Breakthroughs in the field of immuno-oncology have offered new hope for the possibility of safe, systemic, and durable tumor responses to an otherwise daunting disease. Promising immunotherapeutic approaches, such as adoptive cell therapy and immune checkpoint blockade, have gained a lot of attention recently as the new face of cancer therapy, but in practice, the reach of these strategies has proven to be extremely limited. Hepatocellular carcinoma (HCC), with a rising incidence and lack of effective therapies, represents a major worldwide health concern.
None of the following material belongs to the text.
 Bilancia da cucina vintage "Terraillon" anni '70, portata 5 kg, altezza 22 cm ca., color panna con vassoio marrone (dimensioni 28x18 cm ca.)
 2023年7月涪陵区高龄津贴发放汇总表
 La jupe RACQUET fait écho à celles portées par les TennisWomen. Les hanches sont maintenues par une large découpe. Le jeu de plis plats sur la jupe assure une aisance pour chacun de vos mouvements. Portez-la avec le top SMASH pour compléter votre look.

Despite the inflammation associated with HCC, these tumors are characterized by a high degree of immune tolerance, due to a variety of interacting mechanisms, which present a hurdle for effective immunotherapeutic responses. In order for immune-based therapies to be effective for hepatic tumors, it is necessary to modulate the tolerogenic environment in the liver. Oncolytic viruses (OVs) can offer a novel approach to address the challenge of HCC by combining the benefits of direct tumor cell oncolysis with modulatory effects to break immune tolerance.
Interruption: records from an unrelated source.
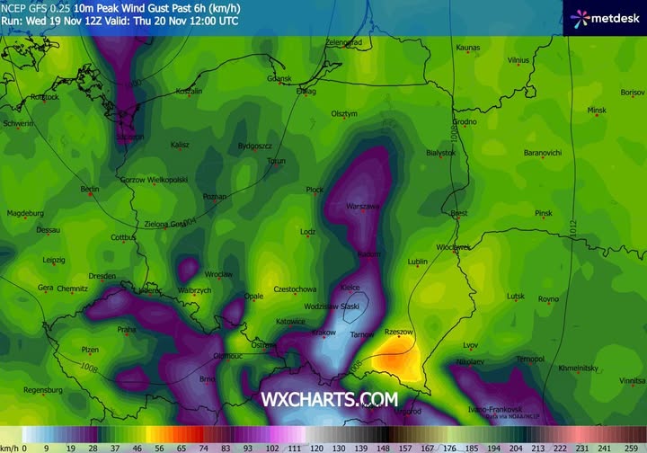 - spodziewane maksymalne porywy wiatru w czwartek do południa.
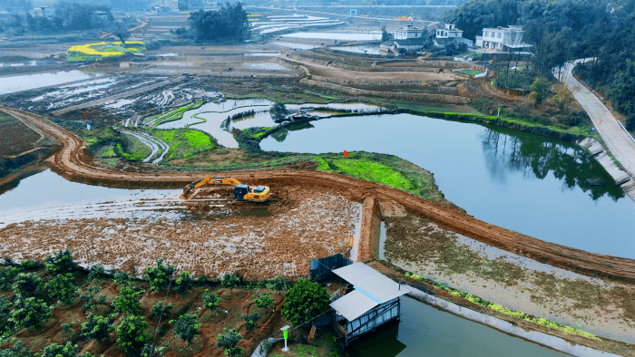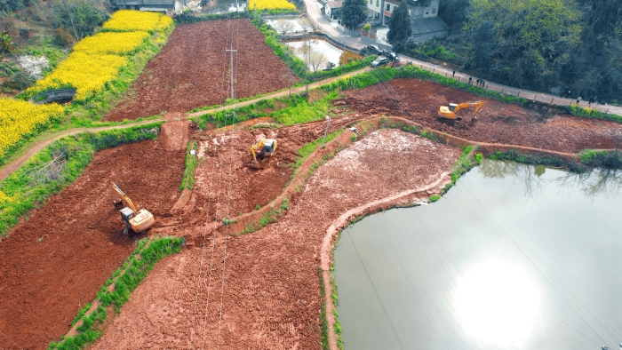 繼續(xù)向東,這里是萬里長江第一城——宜賓,在宜賓江安縣陽春鎮(zhèn),5000畝高標(biāo)準(zhǔn)農(nóng)田建設(shè)進(jìn)入尾聲,項目高峰期投入30余臺徐工挖掘機。
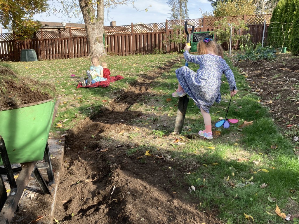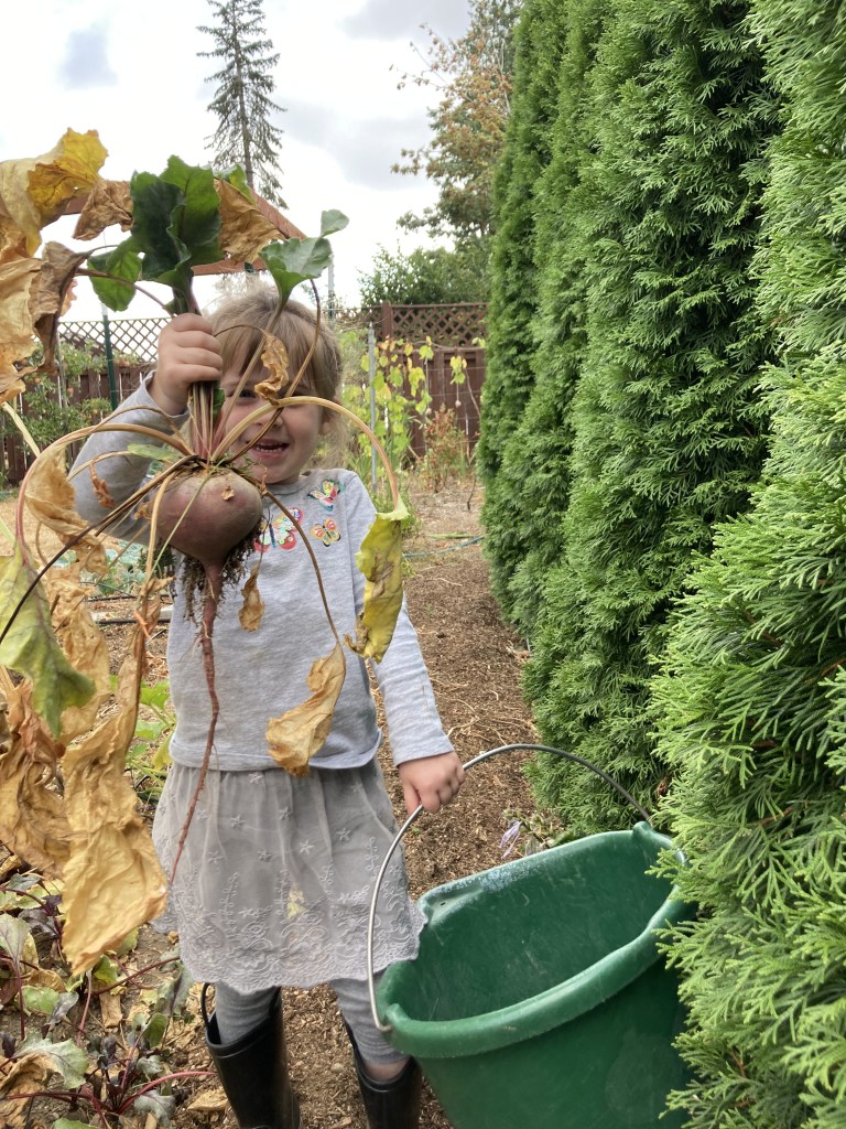 Saturday was a busy garden day. Daddy and Winnie and Seppi got out there early, prepping last year’s legume row to be ready for winter wheat. Of course, we do not hold with muzzling the ox that treadeth out the grain. In other words, snacks for everyone in the garden. This is a radish. We…
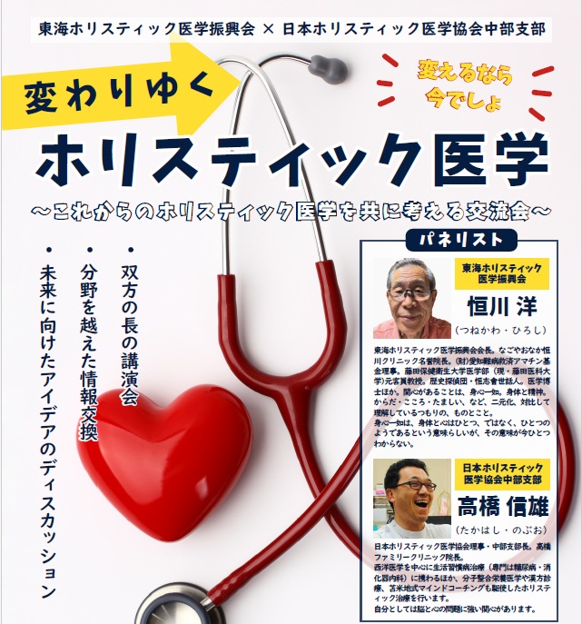 全国の講演会・セミナー シンポジウム、講演会、セミナー、ワークショップを全国で開催しております。 全国一覧 テーマ・カテゴリーで探す 交流会 社会医学 植物療法 ホリスティックヘルス スピリチュアルケア 思想哲学 エネルギー医学 がん からだのケア ホリスティック医学観 ライフスタイル こころのケア 補完代替療法 食と栄養 セルフケア シンポジウム その他 医療塾 研究会 ホリスティック医学観 オンライン、本部・関東 開催日: 2026年01月12日 開催場所:zoom やさしいホリスティック医学教室(1/12) ホリスティックヘルス オンライン、本部・関東 開催日: 2025年12月14日 開催場所:東京 or Zoom パーソナルカラーで育む自己受容-私らしさを活かす-(12/14) セルフケア 関西支部 開催日: 2025年12月14日 開催場所:大阪 眠りの量と質を整える~ 眠りの量と質を整える(12/14) エネルギー医学、研究会 オンライン、本部・関東 開催日: 2025年12月06日 開催場所:東京 or Zoom 量子物理学とエネルギー連続講座・第2回『バイブレーショナルメディスン』と 『エネルギー医学の原理』における量子物理学(12/6) 交流会 中部支部 開催日: 2025年10月25日 開催場所:名古屋 変わりゆくホリスティック医学~これからのホリスティック医学を共に考える交流会(10/25) セルフケア 関西支部 開催日: 2025年10月19日 開催場所:大阪 暮らしの中の漢方養生~自分でできる小さな不調の改善法(10/19) エネルギー医学、研究会 オンライン、本部・関東 開催日: 2025年10月04日 開催場所:東京 or Zoom 量子物理学とエネルギー連続講座・第1回 「量子物理学」と「量子生物学」のエネルギー観(10/4) 社会医学、研究会 オンライン 開催日: 2025年10月05日 開催場所:Zoom 社会医学研究会 『健康格差社会 何が心と健康を蝕むのか』を読みとく~社会ありようと健康を探る 第2回(10/5) 食と栄養 中部支部 開催日: 2025年09月25日 開催場所:名古屋 変わりゆく食養生 ~今、本当にいい食事とは(9/25) ホリスティックヘルス オンライン、本部・関東 開催日: 2025年09月21日 開催場所:東京 or Zoom 自然観察~あるがままの自然を知り、楽しむ~人にも地球にもやさしい究極の健康法!(9/21) 植物療法、研究会 オンライン 開催日: 2025年08月31日 開催場所:Zoom ホリスティックな植物療法とは(8/31) その他 オンライン、中部支部 開催日: 2025年07月24日 開催場所:zoom 中部支部「症例検討会」(7/24) セルフケア 関西支部 開催日: 2025年07月20日 開催場所:大阪 こころにやさしいタッチケア~エサレン研究所の歴史とセルフタッチング体験~(7/20) エネルギー医学、研究会 オンライン、本部・関東 開催日: 2025年07月20日 開催場所:東京 or Zoom エネルギー医学フォーラム'25「エネルギー医学」と「宗教」を巡って(7/20) 12345Next

The central aim of ONCO-VAX is to address the current challenges in the field of immune-oncology through the rational design of a multi-mechanistic combinatorial approach based on the underlying biology of the tumor microenvironment. By first gaining a better understanding of the immune-suppressive microenvironment in HCC and the immune modulatory responses to OV therapy in HCC, we aimed to rationally design a therapeutic regimen using a novel chimeric vector, VSV-NDV, as the basis for a cutting edge and broad-acting oncolytic viral vaccine. In this project, the VSV-NDV technology is used as a viro-immunotherapeutic platform for HCC, with further engineering to express an immune checkpoint-modulating gene to ameliorate the immune-suppression, while simultaneously activating the antitumor immune response via induction of immunogenic cell death through virus-mediated oncolysis. As an additional layer of therapy, a novel anti-cancer vaccine is under development, in which antigen presenting cells, called dendritic cells (DCs), are prepared in a unique manner, whereby they will be activated and loaded with antigens using VSV-NDV-infected tumor oncolysates ex vivo.
This multifaceted approach represents an innovative and crucial step forward revolutionizing immune oncology and providing new hope to cancer patients with immune-suppressive solid tumors.